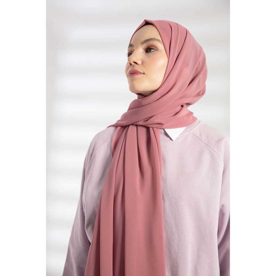 Chiffon Scarf Rose Pink Plain Dyed Long Lightweight Women 100% Polyester
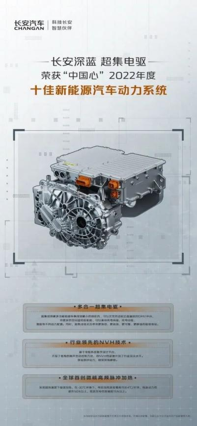 本次,长安深蓝超集电驱也获评了“中国心”2022年度十佳新能源汽车动力系统。作为长安深蓝首款战略车型,长安深蓝SL03包含纯电、增程、氢电三个版本,并且发布33分钟即订单破万,累计大订已超4万辆。
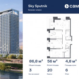 Строим кварталы для жизни с заботой о будущем. Предлагаются 3-комнатные апартаменты бизнес-класса 82, 6 кв.м в корпусе 12 на 6 этаже, в Sky Sputnik Апартаменты с чистовой отделкой. Доступность дополнительных опций уточняйте у застройщика. Прописка не предусмотрена в рамках...
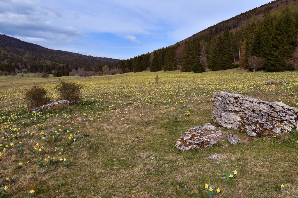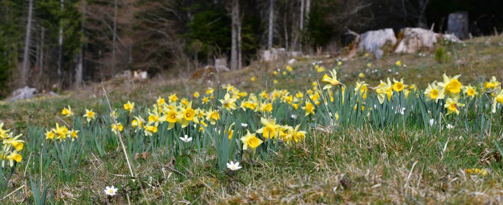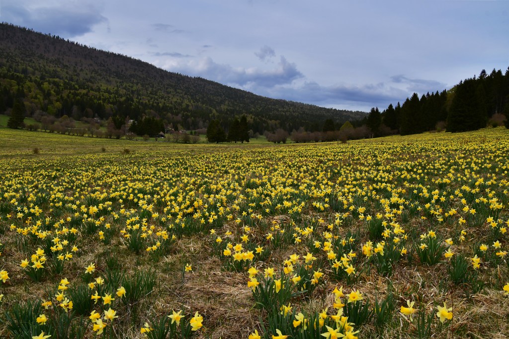 Pour le plaisir de nos yeux, cette année a été propice à la floraison des jonquilles. Effectivement, un climat particulièrement chaud au printemps et quelques précipitations au bon moment et ce fut l’éclosion. C’est avec enthousiasme que je me rends au Pré-Vaillon à Nods pour immortaliser cette féérie.
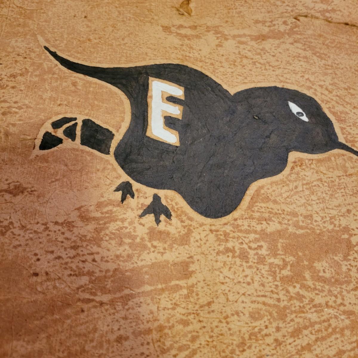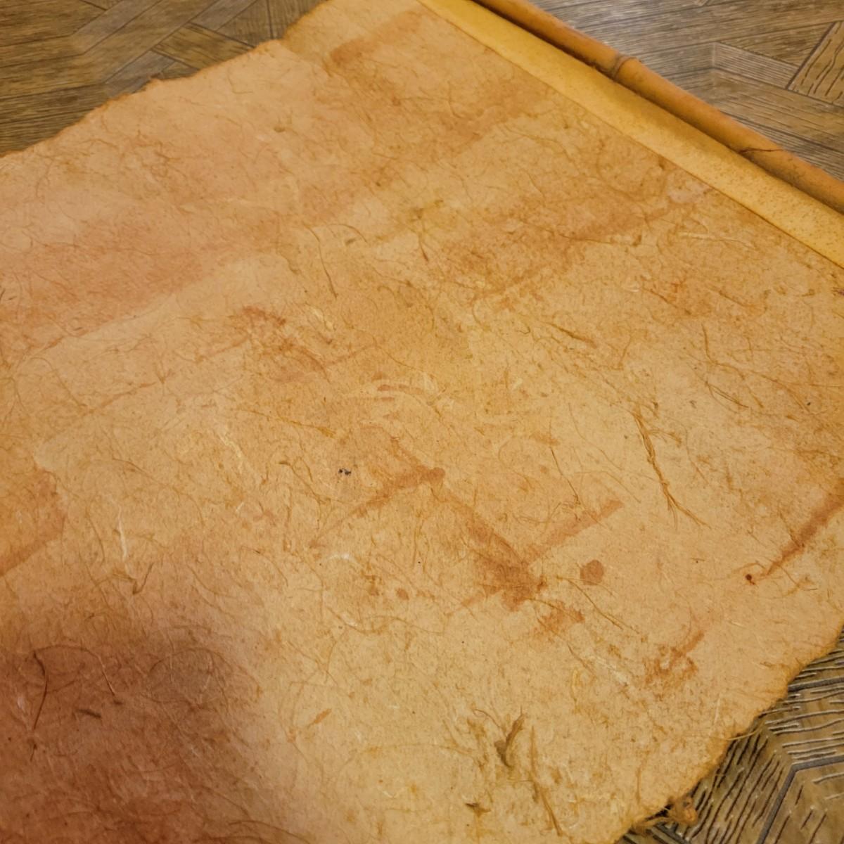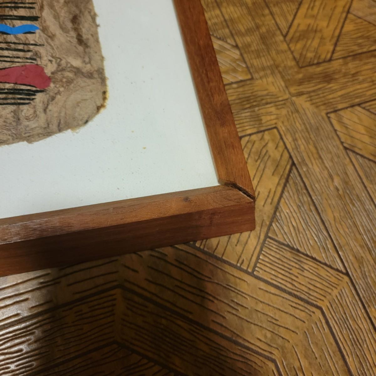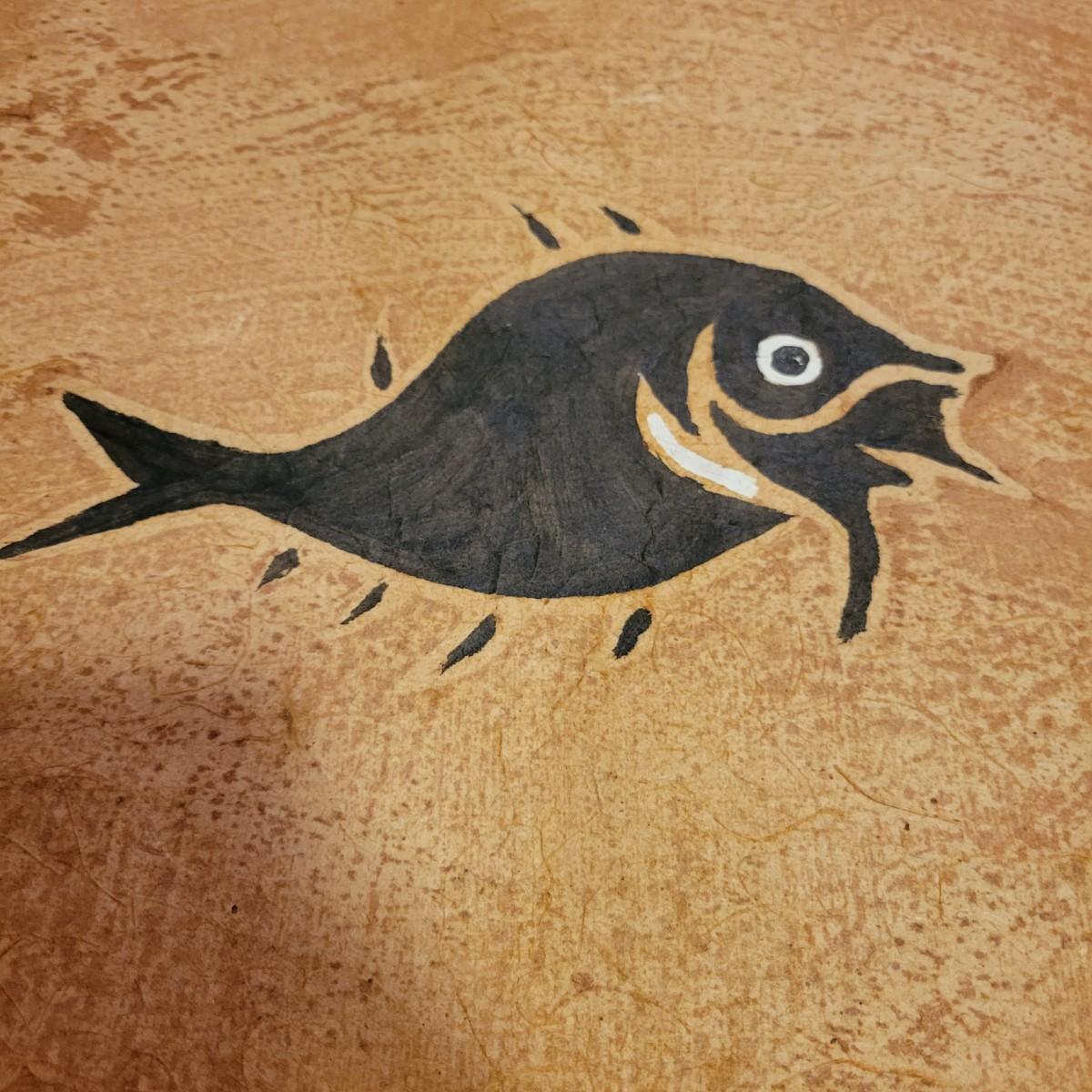 Two pieces of primitive art on bark and a fossil of fish. The smaller, more colorful piece is in a wood frame and top mounted on a mat. The larger piece is unframed, but has bamboo pieces at its top and bottom for hanging. Larger piece measures approximately 17.5" x 40". Shipping art can be costly. We suggest contacting our preferred local shipping provider, Postage Express, with dimensions and getting an estimate before bidding: (828) 670-5501 or postageexpress@yahoo.com.
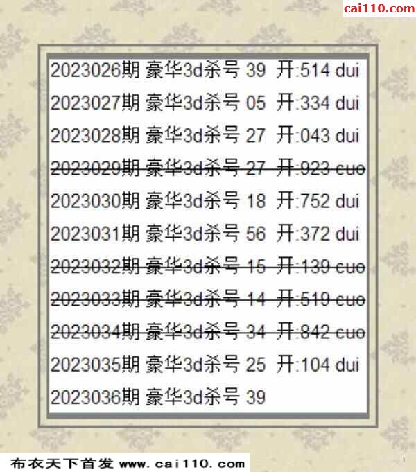彩浪每期杀码推荐036期
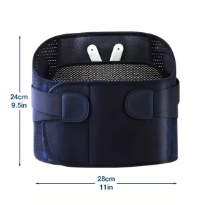 Levo esta faixa lombar para o trabalho e em viagens. É leve, cabe na minha bolsa e o calor com vibração acalma meus nós crônicos nas costas.
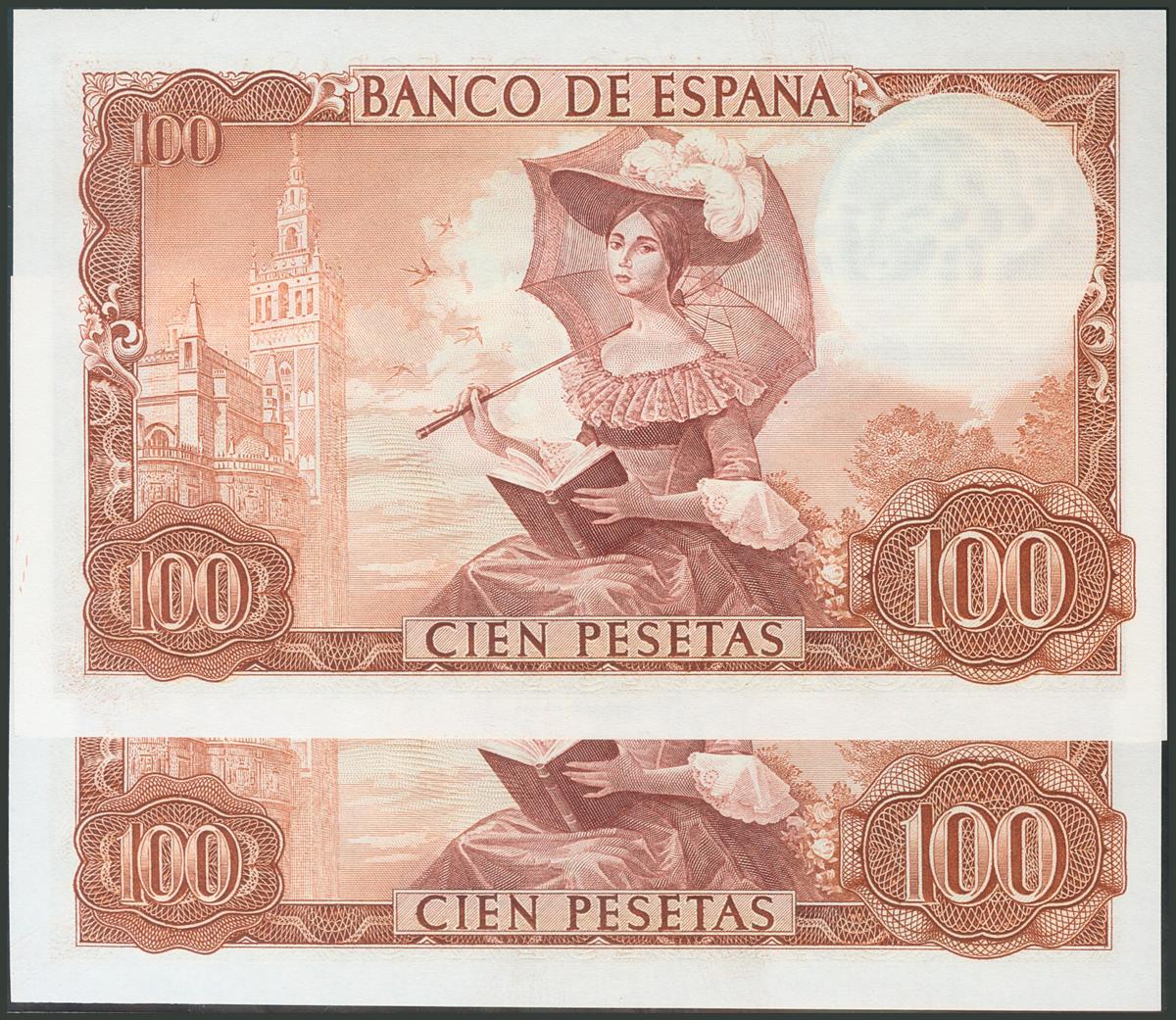 100 Pesetas. 19 de Noviembre de 1965. Pareja correlativa. Serie A. (Edifil 2017: 470a). Apresto original. SC.
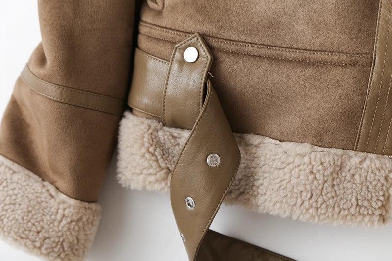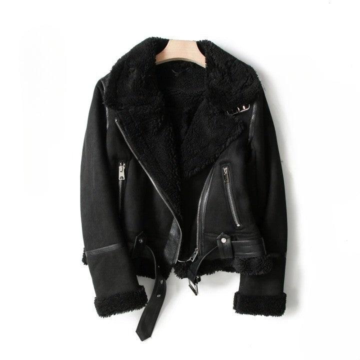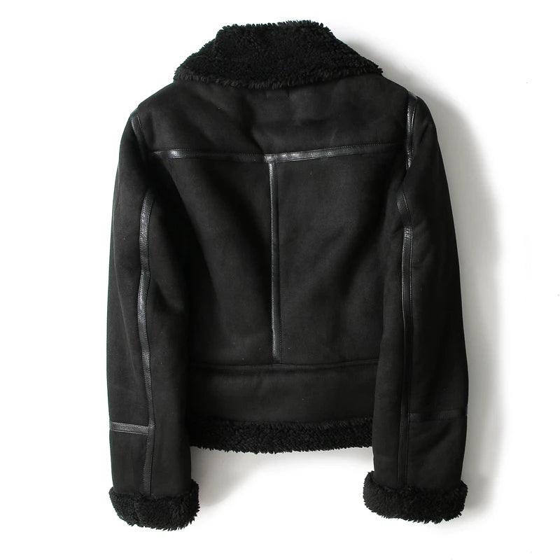 Elevate your street style with this Luxury Aviator Shearling Bomber Jacket. Vintage y2k design featuring patchwork. zippers. and a cozy thick material.
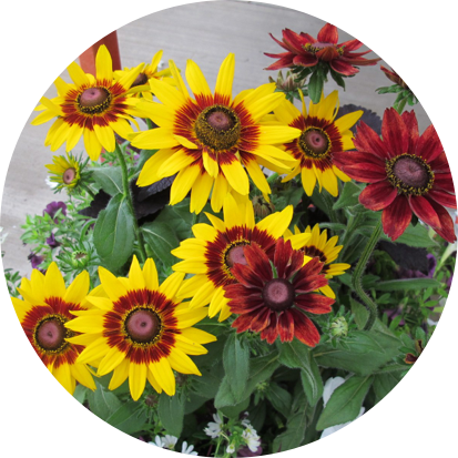 Mixed containers at Chiavetta's Potatoes & Greenhouse include vibrant rudbeckias.
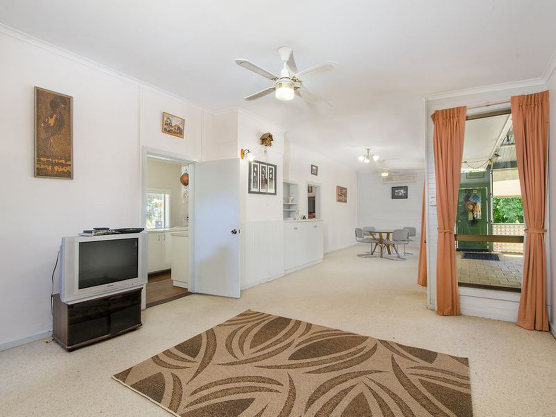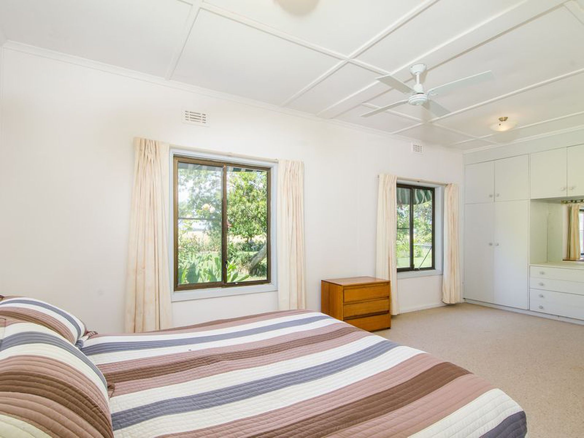 The main bedroom of 6.5 metres has a ceiling fan, 3 windows and 2 sets of built-ins and was at one stage converted to 2 bedrooms. The bathroom comprising shower, vanity and toilet is adjacent as is another bedroom large enough to accommodate a queen bed. This room is complete with built ins.
· · · · · · ·
**PROBLEM DETAILS**
Everything from the line with "100 Pesetas. 19" through the line with "Mixed containers at" in the material above should be transcribed exactly, except the pictures.

**TASK ANSWER**
 100 Pesetas. 19 de Noviembre de 1965. Pareja correlativa. Serie A. (Edifil 2017: 470a). Apresto original. SC.
 Elevate your street style with this Luxury Aviator Shearling Bomber Jacket. Vintage y2k design featuring patchwork. zippers. and a cozy thick material.
 Mixed containers at Chiavetta's Potatoes & Greenhouse include vibrant rudbeckias.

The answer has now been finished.